Both girls stiffened up upon hearing a knock on the door. Triss quickly stuffed her arm back inside.
The combined being that was Dandelion Fluff stumbled and whirled around as Syringa entered the room, parts of her whirling faster than others.
“Is the paperwork going well?” she asked, looking down at them with a smile.
“We’re—“ Triss flipped the voice changer back on. “We’re, uh, plugging right along! I mean, we’re filling…out…the, uh, papers. Going through it, yeah.”
Trissa made a short squeal as Syringa wormed a pair of vines around her and picked up the stack of papers.
“Let’s see here…” Syringa purred, as she looked at the top one. “Ah yes, your name, of course, and you’re…” she frowned at the next word, and her eyes darkened. “…debt…free. And then…masters’ degree, it says here, quite impressive!

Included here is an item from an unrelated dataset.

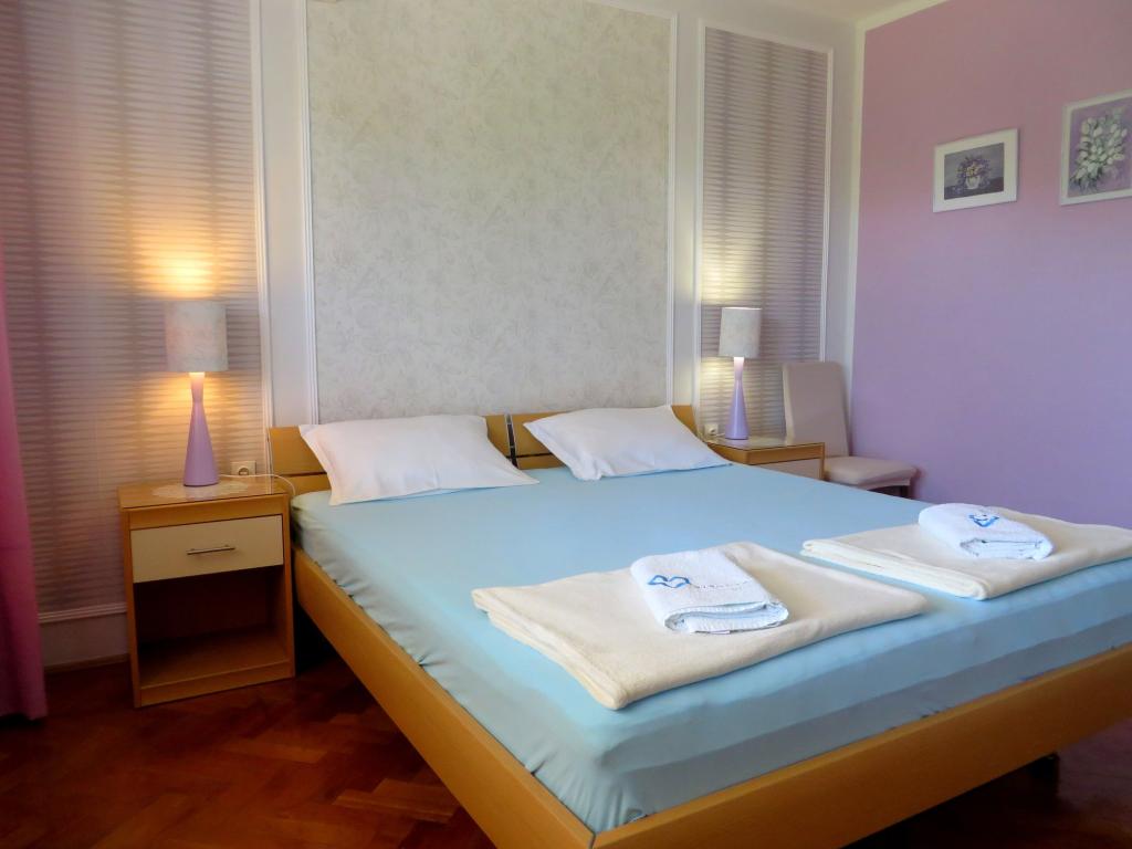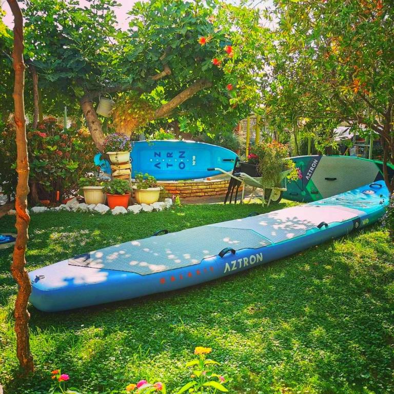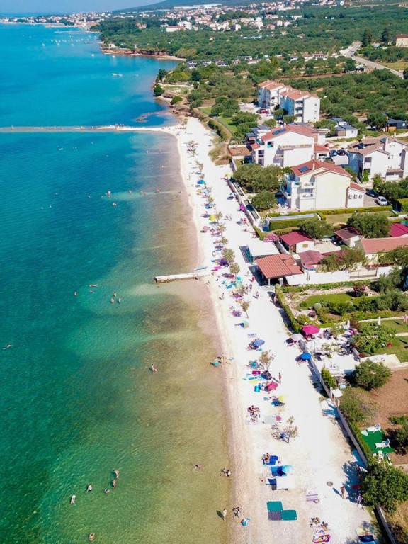 Beach apartmaji Roza se nahajajo v prvi vrsti do plaže Bošana na dvorišču, polnem zelenja, v bližini vseh vsebin. Trgovine, restavracije in bari se nahajajo v neposredni bližini, center mesta je oddaljen manj kot 10 minut hoje. Varovano parkirišče na dvorišču za standardna vozila.

And your age is ‘young adult’.”
The two girls remained frozen on the spot as she appraised Trissa’s work.
Eventually, Shringa readied to speak, a smile on her face. “Well well, it all looks good!”
“Um…ah! That’s great!” Trissa nearly shouted.
“It’s splendid, Dandelion! Do you want to know what’s even better?”
Syringa’s eyes gleamed in that weird metallic way affini eyes seemed to. “We’re roommates!”